Le loup-garou se contenta de rire. Encore une fois. Ce qui énerva le jeune homme blond d'une manière inimaginable. Comment osait-il se moquer de lui ? Comment osait-il le réduire à l'état d'une de ses simples proies ? Draco essaya de nouveau de se dégager mais le monstre raffermit encore plus sa prise. Ses bras était contorsionnés en arrière. Ses épaules le tiraient et ses avant-bras étaient totalement compressés contre le torse du loup. Sa prise était d'acier, et il laissa échapper un faible gémissement de douleur. C'était pathétique. Il ne voulait pas montrer de signe de faiblesse à qui que ce soit, et certainement pas à un homme de ce genre. Mais c'était déjà trop tard. Sa respiration se fit de plus en plus rapide. Il fallait qu'il s'échappe, sinon... qui sait ce que ce monstre pourrait bien lui faire. Il jeta un coup d'œil rapide à la porte des toilettes sur sa droite. Mais pas assez discret. Aussitôt, le loup sortit sa propre baguette de sa poche et prononça un sortilège de verrouillage. Draco déglutit en regardant le reflet de l'autre dans le miroir.
Fenrir Greyback. Cet être absolument répugnant. C'était un homme massif à la peau si terne qu'elle paraissait grise. Au lieu de refréner ses envies et son instinct de loup, il les laissait le dominer, peu importait que la pleine lune soit visible ou pas. Même lorsqu'il était sous sa forme originelle, il avait une apparence animale. Ses cheveux sombres étaient trop longs et sales, des poils parcouraient son visage, et il dégageait une odeur pestilentielle de sang, de mort, de putréfaction. Ça lui donnait des hauts le cœur. Le savoir si près de lui le rendait malade. Plusieurs fois au Manoir, il avait vu cette abomination lui lancer des regards affamés. Plusieurs fois, lorsqu'ils étaient à table, il ne se gênait pas de faire des remarques salaces et vulgaire à son propos devant sa famille. Évidemment, son père ne disait rien, et seule sa mère semblait avoir assez de cran pour lui répondre et le remettre à sa place. Mais rien n'y changeait. Nombreuses avaient été les fois où il avait senti son regard appuyé sur lui, où il avait senti son bras l'effleuré lorsqu'ils se croisaient dans un couloir. Il leur était déjà arrivés de se retrouvé seul à seul dans une pièce. Fort heureusement, jamais bien longtemps. Car ses regards appuyés auraient pu dérapé en quelque chose de bien pire. Il aurait pu se retrouver totalement à sa merci. Parce qu'il savait qu'aux yeux de Greyback, il n'était rien d'autre qu'une proie. Et il savait bien que Greyback ne laissait jamais s'échapper ses proies. Il arrivait toujours à les atteindre, à les attraper, à les mordre, à les envoyer de l'autre côté du voile...
C'est pour cette raison qu'il était si inquiet à ce moment-là. Comment allait-il finir ? C'était sans aucun doute le Maître qui l'avait autorisé à venir ici. Il ne l'aurait jamais approché de si près sans son approbation.

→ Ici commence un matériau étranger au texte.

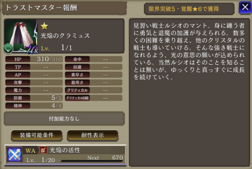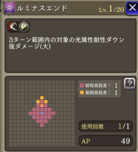 AP消費率20ダウン 範囲攻撃耐性+10 新星煌閃 強化 斬撃攻撃耐性貫通率+40、AP20消費効果 追加 | 物理系 アタッカー |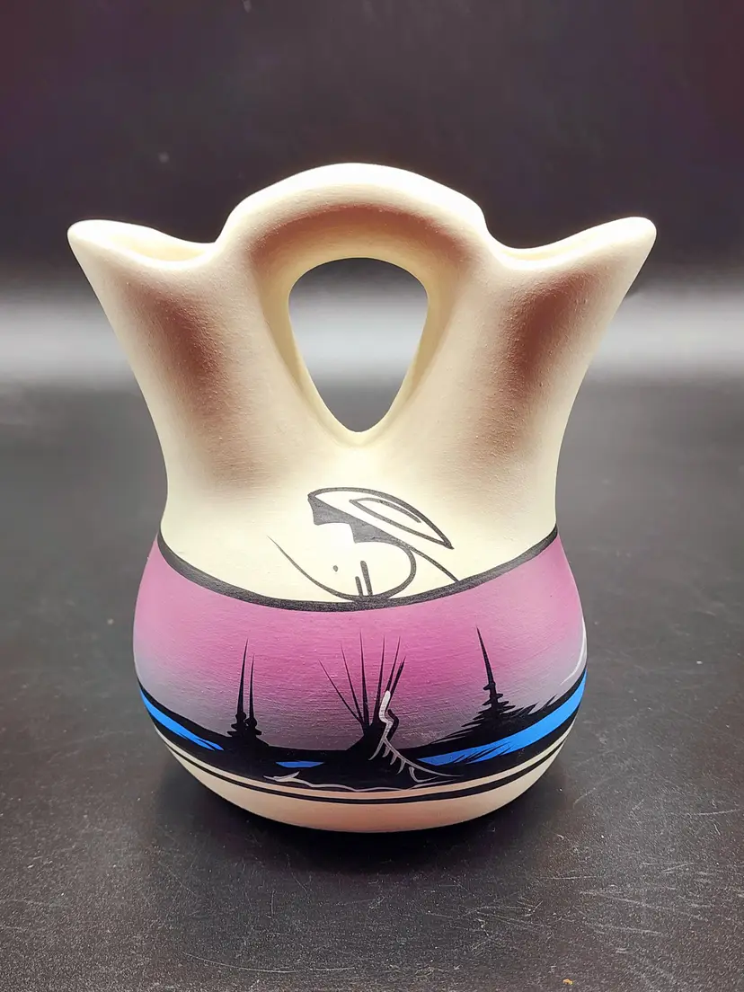 Cedar Mesa Native Pottery Vase, 5 1/2" tall, Signed.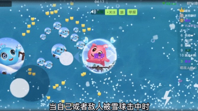 当自己或者敌人被雪球击中时,都会炸开分身,丢失体积。这里有个小技巧哦,雪球带在身上触碰敌人也可以使敌人炸开分身,当被大体积的敌人追着跑时候,不妨带上一个雪球,时刻准备反杀!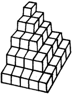 12、如图,共有五层方块,如果用同样的方法继续堆积下去,先推10层。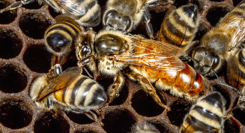 A queen bee controls her hive through chemical signals. She releases pheromones that suppress the reproductive systems of female worker bees, which keeps them sterile and focused on maintaining the colony, gathering food, and caring for young. When new queens develop, conflict is unavoidable. Rival queens are tracked down and killed, often through direct stinging fights inside the hive. During swarming or supersedure, workers may raise several queens at once, but the outcome is the same. Only one survives, and she removes all competition before taking full control of the colony.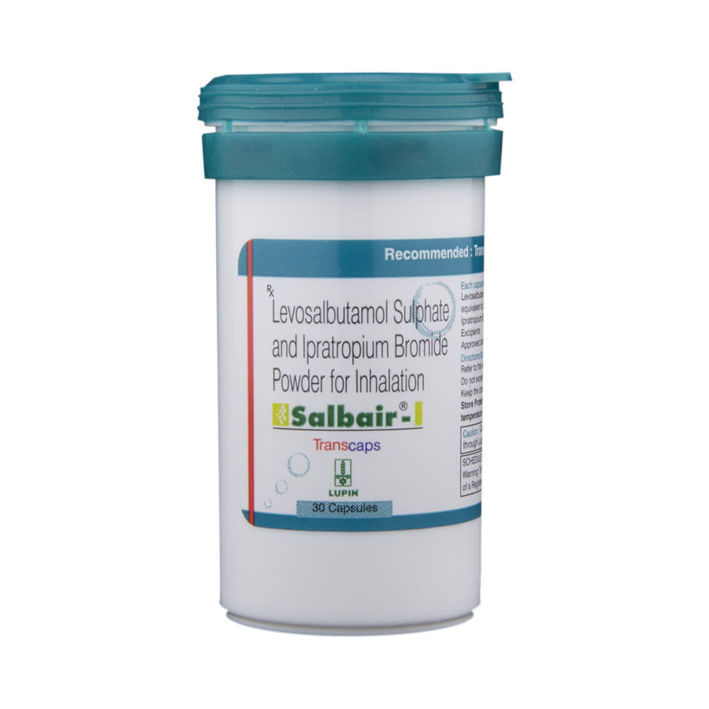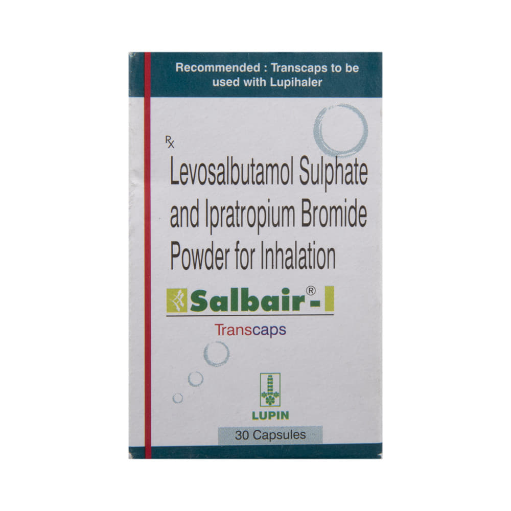 Salbair-I 100mcg/40mcg Transcaps is a combination of two medicines: Levosalbutamol and Ipratropium. Levosalbutamol is a bronchodilator while Ipratropium is an anticholinergic. They work by relaxing the muscles in the airways and widen the airways. Together, they make breathing easier.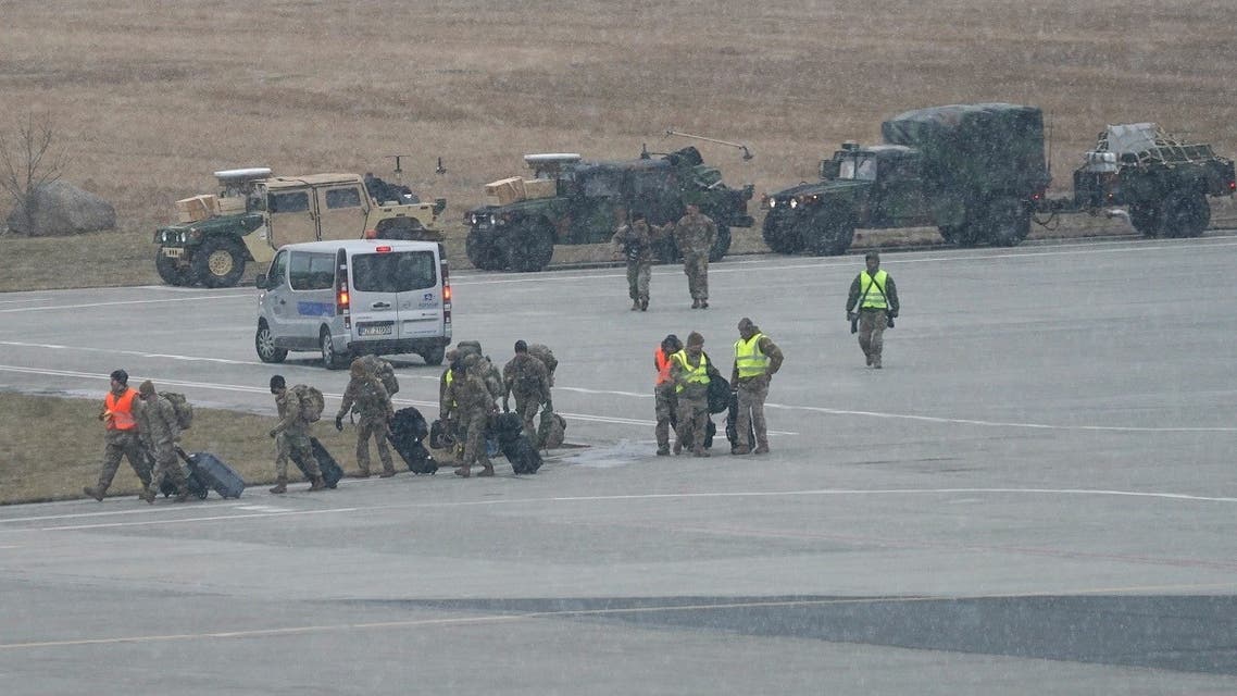 US troops walk from a US Air Force transport plane transporting military equipment and troops after landing at the Rzeszow-Jasionka airport in southeastern Poland, on February 6, 2022. /AFP

- Ça bouillonne là-dedans on dirait...
Son haleine pestilentielle lui arriva jusque dans les narines, et il s'obligea à ne pas montrer à quel point il le dégoûtait... pire, à quel point il lui fichait la frousse. Lorsqu'il était loin de lui, ça allait, il pouvait agir comme il le faisait habituellement, c'est-à-dire avec dédain, mais cette proximité l'emplissait d'angoisse et de dégoût. Le loup-garou, en ayant toujours la situation sous contrôle, enlaça Draco d'un de ses bras en travers de son torse, tandis que de l'autre main, il lui effleurait l'oreille du bout d'un de ses ongles jaunis et pointu.
- C'est pas très poli de ne pas répondre... Ajouta-t-il. Ton vieux aurait-il oublié de t'enseigner les bonnes manières ?
L'horrible visage de Greyback se déforma en un sourire hideux. Draco pouvait voir ses dents jaunies à l'aspect extrêmement sale. L'atroce odeur de son haleine prenait tout son sens. Ses petits yeux noir délavé le fixaient d'une manière beaucoup trop appuyée. Autant que celle qu'il employait lorsqu'ils se retrouvaient face à face à table au Manoir. Draco paniquait de plus en plus. Mais il ne pouvait absolument pas bouger... quelqu'un dans le pub bondé aurait bien envie d'aller se soulager à un moment ou à un autre ?! Le Serpentard se figea complètement lorsqu'il sentit que le doigt de Greyback retraçait le contour de son visage avant de descendre dans son cou. Celui-ci le saisit alors à la gorge, sans toutefois exercer une trop forte pression sur celle-ci. Mais le contact était déjà suffisamment répugnant en lui-même. Greyback donna un coup de poignet qui obligea le jeune homme à relever la tête vers lui. À présent, il ne le voyait plus grâce au miroir, mais bel et bien en face à face. Et c'était encore pire. La situation n'allait-elle pas finir par s'arranger par Merlin ?! Il ne supportait pas cette proximité écœurante. Définitivement pas.
- Ne tire pas une tronche pareil petit... Tout va bien se passer tu vas voir...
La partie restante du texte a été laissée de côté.